25 October, 2024

Vietnam’s Traditional Lacquer Paintings Discussed

Viet Nam Net Bridge – A seminar on Vietnam’s traditional lacquer paintings was held on November 22 at the Hanoi Fine Arts University with the participation of many artists, fine art critics, lecturers and art connoisseurs. This is an effort to preserve and develop the unique art of Vietnam lacquer paintings.


The seminar was held following an ever-largest Vietnam’s traditional lacquer painting exhibition, with a display of 96 lacquers by artists nationwide, to celebrate the recently held APEC Economic Leaders’ Meeting.
Addressing at the seminar, Deputy Minister of Culture and Information Le Tien Tho said: “Vietnam’s lacquer paintings have made an important contribution to enriching the Vietnam contemporary fine arts since 1930. Over the past years, Vietnam’s traditional lacquer art has been preserved and developed with creativity by generations of artists. Lacquer painting has become an unique art of Vietnam fine arts which has received high appreciation from foreign friends.”
Many fine art lecturers, critics as well as veteran and young artists specialising in lacquer raised their voice on Vietnamese lacquer art from tradition to modernity, technique of making a lacquer painting, special medium for this kind of art and the preservation and development of Vietnam’s traditional lacquer paintings.
Defining on what’s a Vietnam’s traditional lacquer painting, Head of Fine Arts and Photography Department of the Ministry of Culture and Information, Hoang Duc Toan said “Vietnamese lacquer is obtained from the lacquer tree grown in the midland province of Phu Tho. With its shiny, durable black hue, it has for a long time been exploited largely to make fine art products or decorate religious architectural works.
In the 1930s, some Vietnamese artisans and painters started using lacquer as a new medium for Vietnamese modern painting. The pioneers included Dinh Van Thanh, Pham Hau, Tran Quang Tran, Nguyen Gia Tri, To Ngoc Van, Tran Van Can, Nguyen Khang, etc., who laid the foundation for Vietnamese lacquer painting to record splendid achievements later.”

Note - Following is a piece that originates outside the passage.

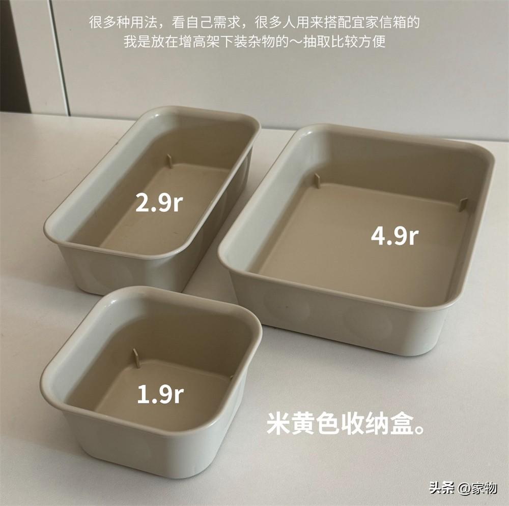 兩大一小收納盒,每一個都不超過五塊錢,原本也是宜家的小配件,但現在用起來,卻可以收納各種零散雜物,搭配家裏隨便的收納櫃和收納架使用,都可以讓室內收納變得整潔乾淨許多,也值得一推~

Discussing on Vietnamese traditional lacquer art in the past and at present, some of the delegates held conflicting ideas. Lecturer Do Huu Hue held that the contemporary artists nowadays did not follow the strict technique of making a lacquer. Instead of totally using paint from lacquer tree, some of them sometimes use Japanese industrial paint which help the paintings take less time for drying and therefore, they can create many paintings in a short time. So he held that the quality of the paintings by young artists now are as not good as those made by veteran painters in the past. Meanwhile, fine art critic Nguyen Do Bao raised his voice on the young artists’ side. He said young artists now preserve the traditional lacquer art not by imitating that the elders did but inheriting and developing the original art. Their paintings, according to fine art critic Do Bao, are varied and suitable with the breath of the current life.

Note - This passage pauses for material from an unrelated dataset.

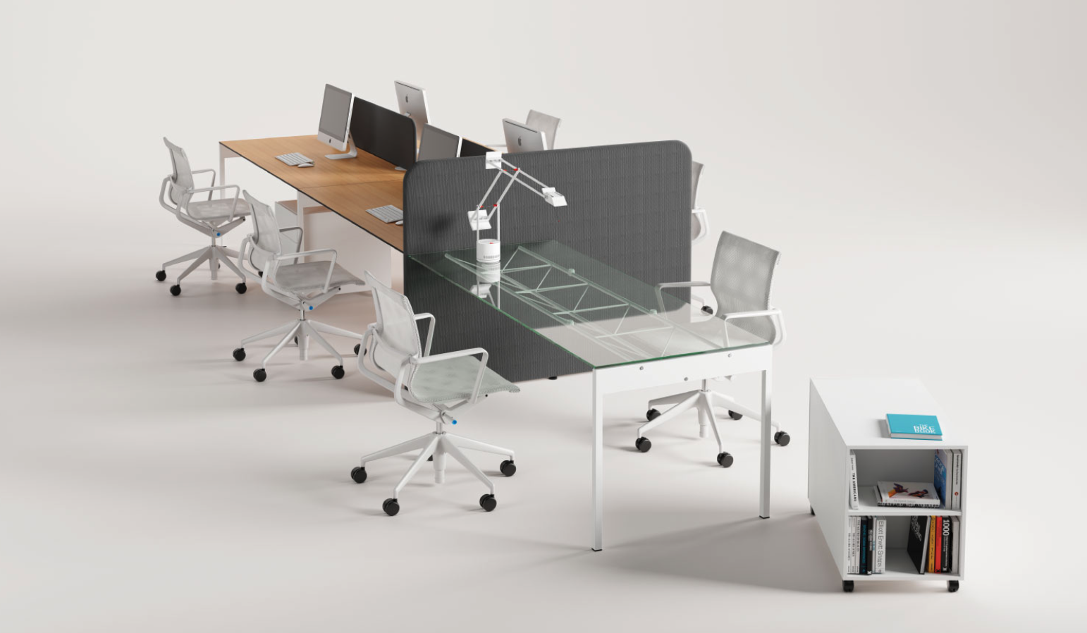 Iris es versatilidad, operatividad y funcionalidad. El diseño innovador y moderno de todos sus elementos permite múltiples combinaciones creando espacios agradables para trabajar en equipo y para el trabajo individual. Encimeras, mamparas, pedestales móviles y mamparas valla en diferentes colores y materiales aportan singularidad y personalidad a las oficinas.

Sharing opinion on the issue young artist Nguyen Quoc Huy, who pursues the art of traditional lacquer for dozens of years and has won many high prizes at home and abroad in the category said “Though there’s a small number of artists who do not follow the strict technique of traditional lacquer art, most of young artists now have been active in creating paintings in a new and better manner.”

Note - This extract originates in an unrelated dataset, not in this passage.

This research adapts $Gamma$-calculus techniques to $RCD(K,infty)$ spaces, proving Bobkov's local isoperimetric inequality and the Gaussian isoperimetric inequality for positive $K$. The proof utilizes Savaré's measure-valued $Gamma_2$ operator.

He also said “ as it’s difficult and takes time, just a few artists follow the traditional lacquer art. However, it’s hard to master the art, so it always attracts me and I will surely pursue the art to the end.”
He also expressed his wish that one day, an institute on Vietnam’s traditional lacquer art would be set up. The institute, he said, would help classify real and “not real’ traditional lacquer paintings, find out more medium for the art so that the painting would look more beautiful and also honour the art and encourage real lacquer painters.”
Despite different ideas, Vietnam’s traditional lacquer art has seen positive chances, as said by Deputy Head of the Fine Arts and Photography Department Hoang Duc Toan “Over the past century, many generations of Vietnamese painters have made great efforts inheriting and developing this original art. The lacquer palette has been increasingly enriched, from the traditional colours of vermilion, black, yellow, egg-shell white, to modern hues of green, blue, lotus, purple, etc. Lacquer painting is capable of producing patches of delicate colour, magical contours, conventionalised spaces, profound, sparking, strong and contrast lights, imbued with both the realistic and the symbolic. Obviously lacquer painting constitutes a valuable part of the heritage of Vietnam’s modern fine arts.”